S11001: Binarize the first transparency mask of the first image after the correction of the previous frame, and take a threshold value of 0.5 to obtain a first binary image of the foreground target;

S11002. Use the first binary image as the initial value of the second binary image.

S11003: Perform a morphological erosion operation on the second binary image using a circular structural element with a size of 3x3, and update the second binary image with the obtained result:

S11004, repeat step S1003 five times;

S11005. Use the first binary image as the initial value of the third binary image.

S11006: Perform a morphological expansion operation on the third binary image using a circular structural element with a size of 3x3, and update the third binary image with the obtained result:

S11007, repeat step S1006 five times;

S11008, the true corresponding pixels in the second binary image are used as all foreground pixel sets F _c , the false corresponding pixels in the third binary image are used as all background pixel sets B _C , and the remaining pixels are used as all unknown pixel sets Z. _C.
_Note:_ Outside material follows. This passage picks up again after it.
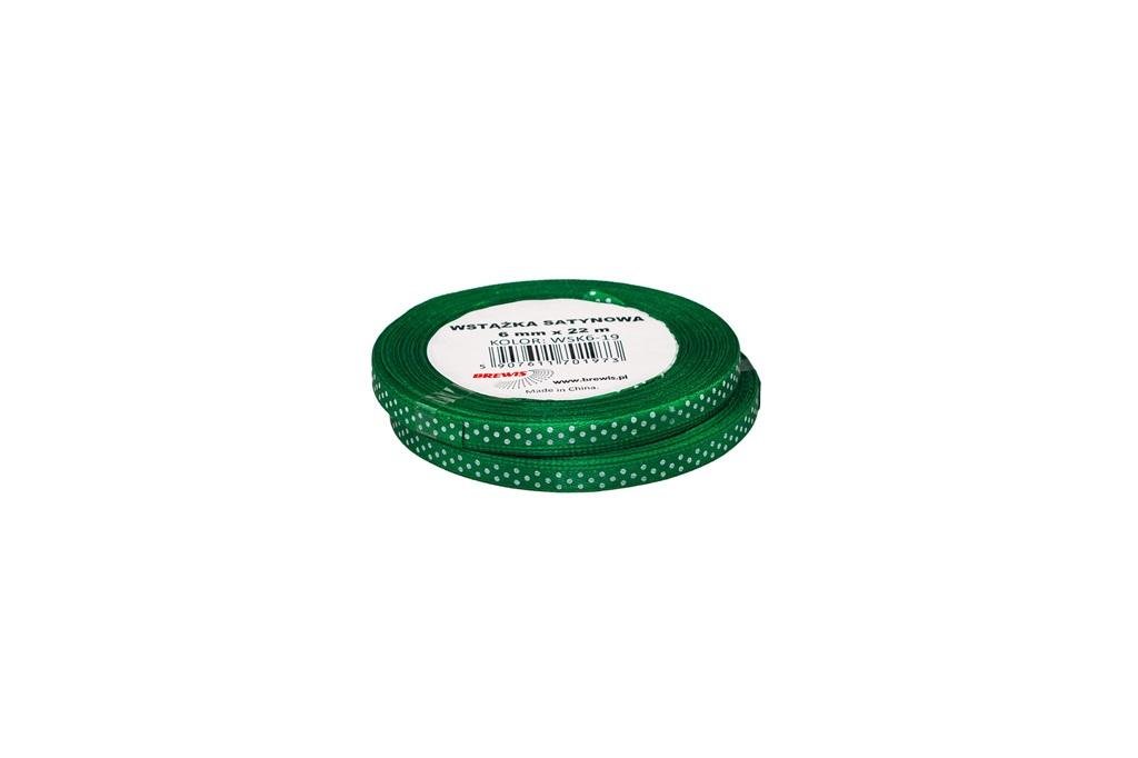 Wstążka satynowa w kropki zielona 6mmx22m 2szt

It can be understood that repeating the above steps S100 to S900 for each frame image in the video will extract all foreground targets in the video. However, considering that video frames often have continuity and similarity in the picture content between each frame of the image and its subsequent frame, in order to make full use of this coherence and similarity, the above embodiment may also be based on the previous frame. The first transparency mask of the modified first image divides all foreground pixel sets F _c , all background pixel sets B _C and all unknown pixel sets Z _C in the first image corresponding to the current frame, so that it can be used in image processing Strike a balance between accuracy and efficiency; that is, this embodiment has the inherited characteristics: it inherits the transparency mask of the previous frame, and uses the transparency mask to divide the foreground pixel set and background of the next frame The pixel set and the unknown pixel set. In view of the continuity and similarity in the picture content, this division not only relies on the transparency mask of the previous frame but also uses the means of morphological erosion and morphological expansion, which belong to the disclosure An innovation point.

In another embodiment, in step S600, the grayscale information is superimposed on the first image to generate a second image in the following manner:

S601. Perform a mean filtering on the first image to obtain a third image.

S602. The first image and the third image generate a second image by using the following formula:

Among them, IM ₂ represents the gray value of the k-th pixel on the second image after superimposition, x _r represents a neighborhood pixel of the k-th pixel x _k on the first image, and N _k represents the neighborhood of the neighborhood centered on x _k Number of pixels,

Represents the pixel value of the k-th pixel on the third image obtained by performing average filtering on the first image, and β is taken as 0.5.

For the above-mentioned embodiment, a specific manner for superimposing grayscale information is given through empirical values and related formulas.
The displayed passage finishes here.